Stato-mafia
teoremi e verità

Dopo il maxiprocesso di Palermo istruito da Giovanni Falcone, la mafia ha alzato il tiro contro le istituzioni, a cominciare dall’omicidio Lima. A quel punto lo Stato, o frange di esso, per fermare l’ondata di sangue avrebbe intavolato una trattativa con Cosa Nostra. È l’assunto fondamentale su cui ha ruotato il processo a carico di carabinieri, uomini politici, mafiosi e altri personaggi che va avanti da cinque anni e sei mesi e che ieri ha avuto il suo primo verdetto. I giudici della Corte d’Assise di Palermo hanno comminato pene pesantissime a carico di uomini delle istituzioni

e «uomini d’onore» dimostrando di credere al teorema dell’accusa: dodici anni per gli ex generali Mario Mori e Antonio Subranni, dodici anni per l’ex senatore Marcello Dell’Utri, otto anni per l’ex colonnello Giuseppe De Donno, ventotto anni per il boss Leoluca Bagarella. Assolto l’ex ministro Nicola Mancino, perché il fatto non sussiste. Massimo Ciancimino, figlio di Vito, il supertestimone del processo, che aveva esibito il famoso «papello», ovvero l’elenco delle richieste dei mafiosi allo Stato, rivelatosi una clamorosa patacca, è stato condannato a otto anni per calunnia nei confronti dell’ex capo della polizia Gianni De Gennaro ed è stato invece assolto dall’accusa di concorso esterno in associazione mafiosa.

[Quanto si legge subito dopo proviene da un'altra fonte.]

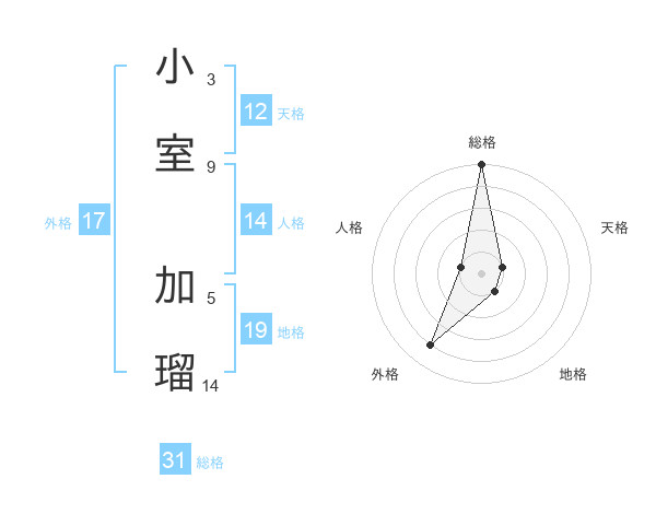 小室 加瑠さんを姓名の画数から五運を鑑定

Il contesto è quello della terribile stagione cominciata dal sangue delle stragi di Capaci e via D’Amelio. La condanna attribuisce la responsabilità agli ufficiali del Ros per il periodo 1992; a Dell’Utri, per il «periodo del governo Berlusconi». Ovvero, il periodo 1993-1994. I pm di Palermo fissano l’inizio di tutto nell’omicidio a Mondello dell’europarlamentare Salvo Lima, ritenuto contiguo a Cosa Nostra e ucciso perché ritenuto non più in grado di garantire i rapporti tra Cosa Nostra e istituzioni. È a quel punto che l’escalation prosegue, con la mafia che alza il tiro con le bombe agli Uffizi, alla Villa Reale di Milano, contro Maurizio Costanzo a Roma. Lo Stato avrebbe ceduto attenuando il carcere duro per 300 uomini di Cosa Nostra e chiudendo un occhio sulla cattura di Provenzano in cambio della cattura di Totò Riina.

Ma è davvero tutto chiaro? Le sentenze vanno rispettate, ma il teorema accusativo ha sempre presentato dei punti deboli o controversi. Calogero Mannino, ad esempio, divenuto oggetto di minacce all’indomani dell’omicidio Lima (gli verrà recapitata una corona funebre), sarebbe stato uno dei tramiti della trattativa insieme con alcuni ufficiali dei carabinieri del Ros. Ma in un altro processo è stato assolto con formula piena. Vi sarebbe stato poi un abboccamento per far convergere i voti di Cosa Nostra su Forza Italia. Tesi piuttosto ardita poiché equivarrebbe a dire che tutta la Sicilia è mafiosa, visto il famoso «cappotto» in cui Berlusconi vinse in tutti i collegi dell’Isola nel 2001. Come detto, il cuore della trattativa era il papello, in cui si chiedeva l’abolizione del carcere duro per i mafiosi. Ma a parte il falso di Ciancimino, non si è mai trovato nulla di simile. Le fonti di prova della procura sono state sostanzialmente le deposizioni dei pentiti, esattamente come nel processo Contrada e Andreotti, da Giovani Brusca a Salvatore Cancemi, Nino Giuffrè e Gaspare Spatuzza.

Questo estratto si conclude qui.